Tribune du Citoyen Ntumba Wa Mukendi Nshimba/Consultant et Expert en communication politique.
Ce qui se joue aujourd’hui à l’assemblée nationale congolaise n’est pas une simple affaire de pétition, ni un règlement de comptes entre camps politiques. Il s’agit d’une question de gouvernance institutionnelle et de cohérence politique. La présidence de l’Assemblée nationale, aujourd’hui fragilisée par les contestations visant l’honorable Vital Kamerhe et certains membres de son bureau, ouvre inévitablement un débat de fond sur la représentativité, la responsabilité et l’avenir de nos institutions.
Soyons clairs, le sort de l’honorable Vital Kamerhe est scellé. Il n’y a plus rien à faire. Il partira. C’est une évidence politique qui impose de nouvelles responsabilités et qui appelle une transition maîtrisée.
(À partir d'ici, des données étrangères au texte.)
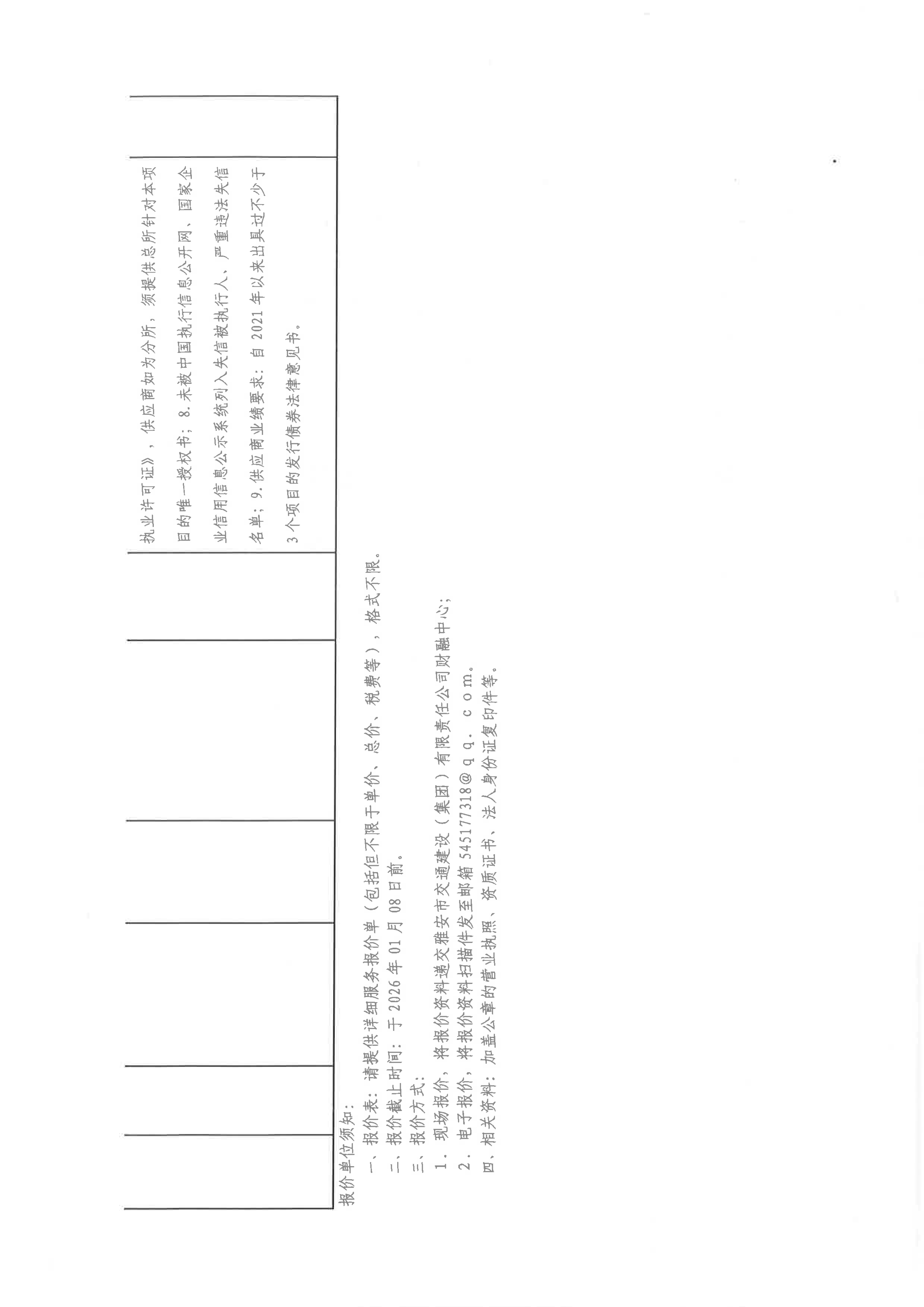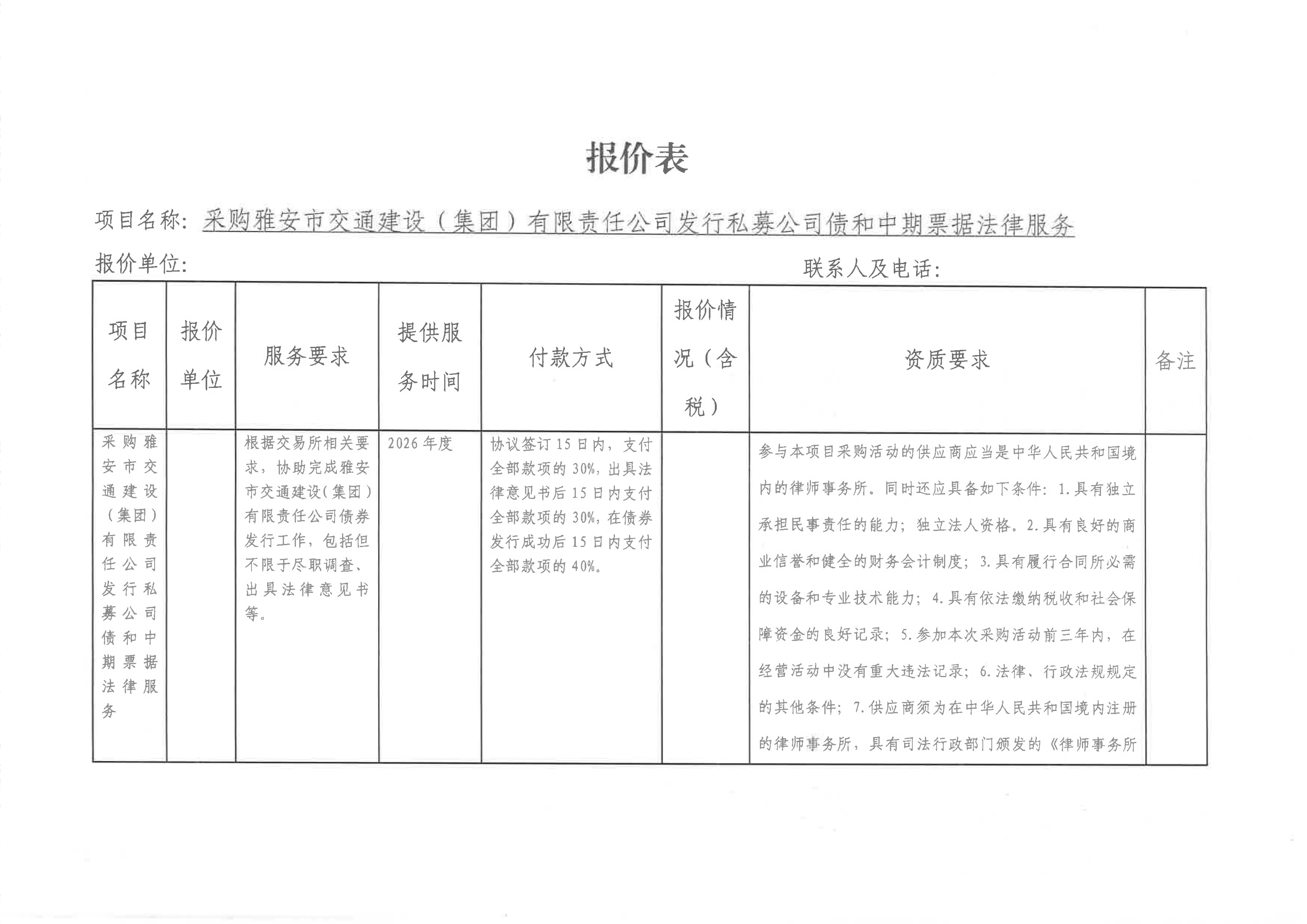關于雅安市交通建設(集團)有限責任公司發(fā)行私募公司債和中期票據(jù)所需法律服務采購限價的詢價函
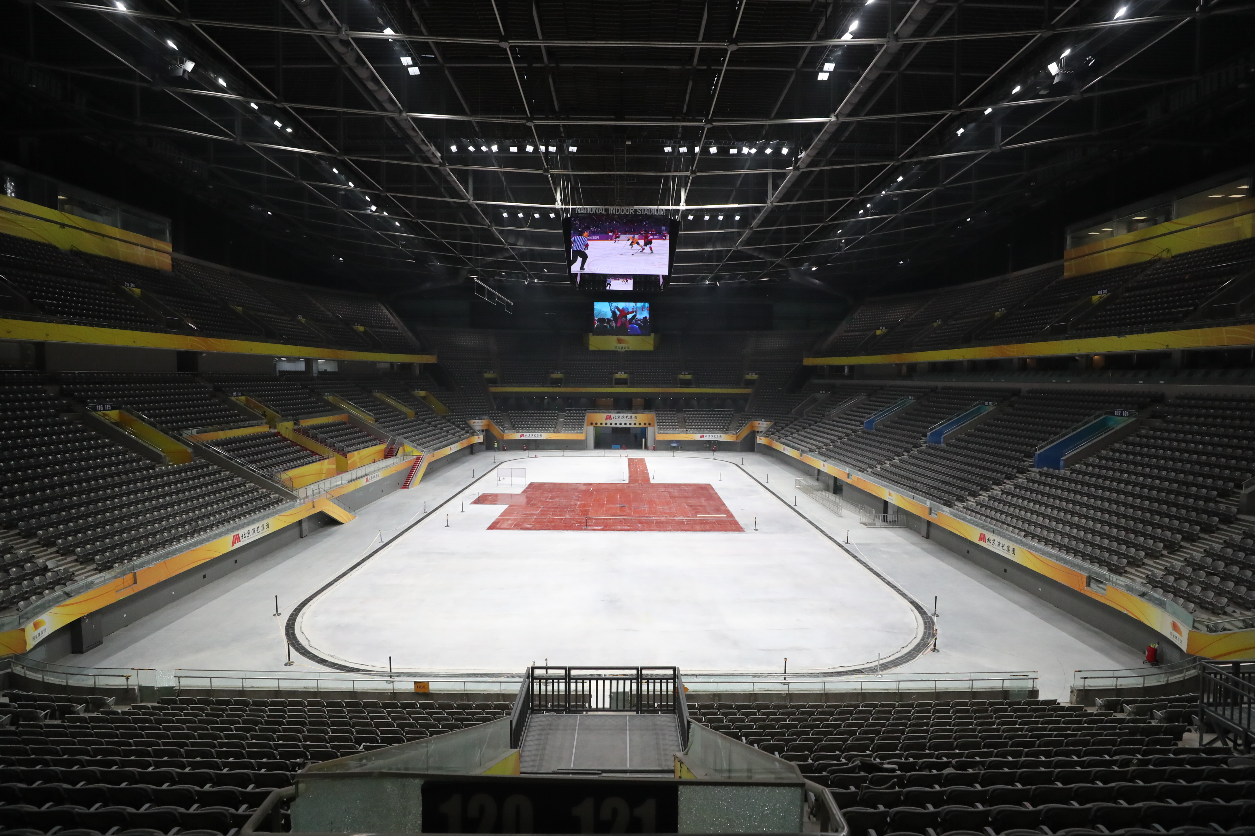 ↑这是12月12日拍摄的国家体育馆冰球比赛场地。

Dans cette situation, le rôle de M. Augustin Kabuya, Secrétaire Général et Président a.i. de l’UDPS, parti présidentiel par excellence et première force parlementaire de la mouvance, est déterminant. L’UDPS ne peut se contenter d’être spectateur alors qu’elle est le moteur de l’actuelle majorité. Elle doit assumer son poids politique et incarner le leadership attendu par le peuple congolais.
C’est pourquoi il est temps que M. Augustin Kabuya prenne ses responsabilités et se positionne clairement en faveur de l’accession d’un membre de son parti à la tête de l’Assemblée nationale. L’UDPS, parti de lutte et de sacrifice, ne doit pas laisser passer cette opportunité historique de s’asseoir pleinement dans le fauteuil qui correspond à son rang.
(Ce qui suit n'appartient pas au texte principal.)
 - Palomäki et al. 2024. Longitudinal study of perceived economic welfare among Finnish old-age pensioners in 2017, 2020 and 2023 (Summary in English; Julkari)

À défaut d’une candidature directe de M. Augustin Kabuya, il serait de bon sens politique que la présidence de l’Assemblée revienne à un député UDPS. Mieux encore, dans une logique d’équilibre et de représentativité nationale, un ressortissant lingalophone (ou ngalophone), c’est-à-dire issu de la communauté linguistique Ngala, apporterait une symbolique forte d’unité et de rééquilibrage dans les institutions.
Nous devons le rappeler, l’UDPS n’a peut-être pas la majorité absolue au Parlement, mais elle demeure le premier parti politique de la majorité présidentielle. Cela lui donne un droit légitime et une obligation morale de porter un candidat à cette présidence. Renoncer à ce droit reviendrait à affaiblir la position institutionnelle du Chef de l’État et de sa famille politique.
Et plus encore, nous sommes à la dernière ligne droite du mandat constitutionnel du Président Félix-Antoine Tshisekedi. Les enjeux à venir sont majeurs, réformes profondes, changement d’une Constitution devenue inadaptée à nos réalités, refonte institutionnelle et préparation de l’avenir. Dans ce contexte, céder la présidence de l’Assemblée nationale à d’autres forces politiques serait une faute stratégique grave, une abdication incompréhensible face aux responsabilités historiques de l’UDPS.
L’histoire est en marche. Les équilibres institutionnels sont à repenser. Il est temps que l’UDPS passe de la logique d’accompagnement à celle de leadership. Les Congolais attendent de leur parti présidentiel qu’il gouverne non seulement par la Présidence de la République, mais aussi par le Parlement.
La balle est dans le camp de M. Augustin Kabuya. L’heure n’est plus à l’hésitation, mais à la décision. Car l’histoire ne pardonne pas aux partis qui, par calculs ou par inertie, renoncent à leurs responsabilités historiques.